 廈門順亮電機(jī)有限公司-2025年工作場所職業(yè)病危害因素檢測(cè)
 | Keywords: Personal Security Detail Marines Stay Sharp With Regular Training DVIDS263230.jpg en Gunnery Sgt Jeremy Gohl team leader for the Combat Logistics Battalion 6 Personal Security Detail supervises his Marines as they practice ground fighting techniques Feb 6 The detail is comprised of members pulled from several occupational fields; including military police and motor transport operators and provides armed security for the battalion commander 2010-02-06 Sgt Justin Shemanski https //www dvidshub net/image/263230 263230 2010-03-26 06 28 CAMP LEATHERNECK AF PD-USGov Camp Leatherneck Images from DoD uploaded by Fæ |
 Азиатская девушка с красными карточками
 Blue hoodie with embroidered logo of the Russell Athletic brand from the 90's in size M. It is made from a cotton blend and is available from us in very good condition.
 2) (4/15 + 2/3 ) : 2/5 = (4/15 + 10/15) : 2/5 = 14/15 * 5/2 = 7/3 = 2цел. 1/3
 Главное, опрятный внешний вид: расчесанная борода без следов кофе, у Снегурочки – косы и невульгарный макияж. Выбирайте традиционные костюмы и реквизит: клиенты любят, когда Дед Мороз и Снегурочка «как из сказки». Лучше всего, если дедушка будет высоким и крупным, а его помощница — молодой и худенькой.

-----

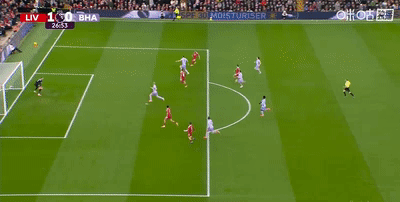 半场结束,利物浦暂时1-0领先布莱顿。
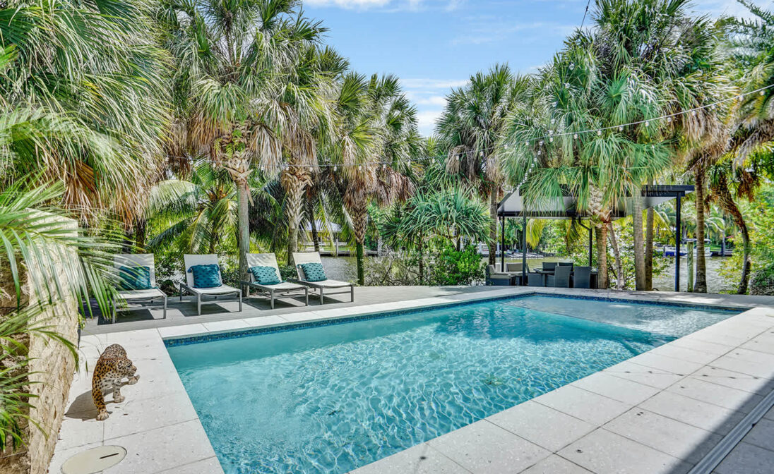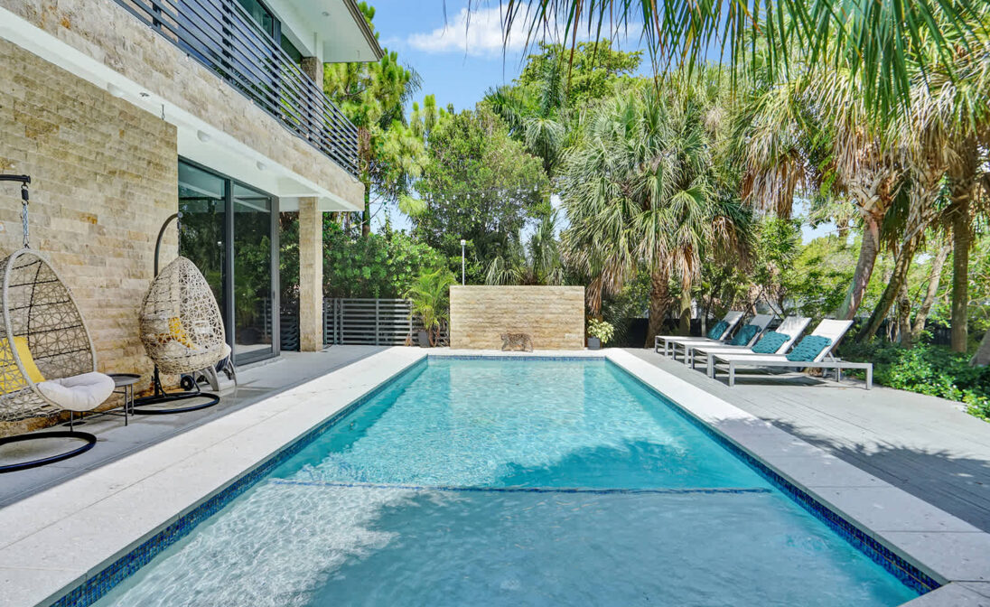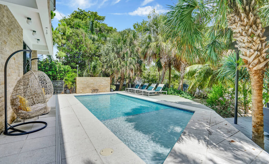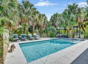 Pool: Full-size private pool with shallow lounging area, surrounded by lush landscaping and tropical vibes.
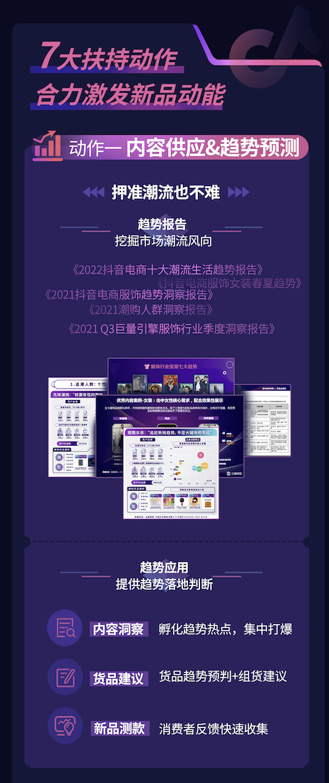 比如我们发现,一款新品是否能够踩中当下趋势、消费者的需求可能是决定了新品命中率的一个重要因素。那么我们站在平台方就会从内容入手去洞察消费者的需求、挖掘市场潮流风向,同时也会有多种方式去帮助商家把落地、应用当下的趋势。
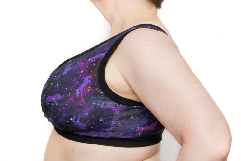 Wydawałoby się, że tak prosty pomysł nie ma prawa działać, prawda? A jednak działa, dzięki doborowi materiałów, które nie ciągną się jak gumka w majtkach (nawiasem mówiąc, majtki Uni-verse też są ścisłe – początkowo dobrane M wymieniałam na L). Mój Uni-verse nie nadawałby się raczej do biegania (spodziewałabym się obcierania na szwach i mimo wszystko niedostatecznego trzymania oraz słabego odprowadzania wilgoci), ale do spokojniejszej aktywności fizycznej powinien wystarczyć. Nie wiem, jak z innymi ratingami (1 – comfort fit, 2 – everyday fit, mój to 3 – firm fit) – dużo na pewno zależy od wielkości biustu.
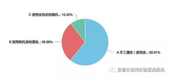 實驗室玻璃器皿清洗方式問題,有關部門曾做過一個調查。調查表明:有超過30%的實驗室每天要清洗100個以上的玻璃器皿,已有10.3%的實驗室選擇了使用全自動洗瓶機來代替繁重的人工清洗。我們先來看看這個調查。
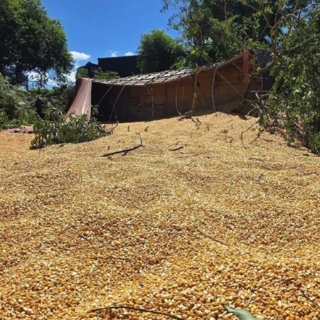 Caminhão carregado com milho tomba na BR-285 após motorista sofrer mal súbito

-----

Try it
Repeat exactly the lines above from the one with "Азиатская девушка с красными карточками" up to and including the one with "Blue hoodie with". No other line belongs in the reply.

Exercise answer
 Азиатская девушка с красными карточками
 Blue hoodie with embroidered logo of the Russell Athletic brand from the 90's in size M. It is made from a cotton blend and is available from us in very good condition.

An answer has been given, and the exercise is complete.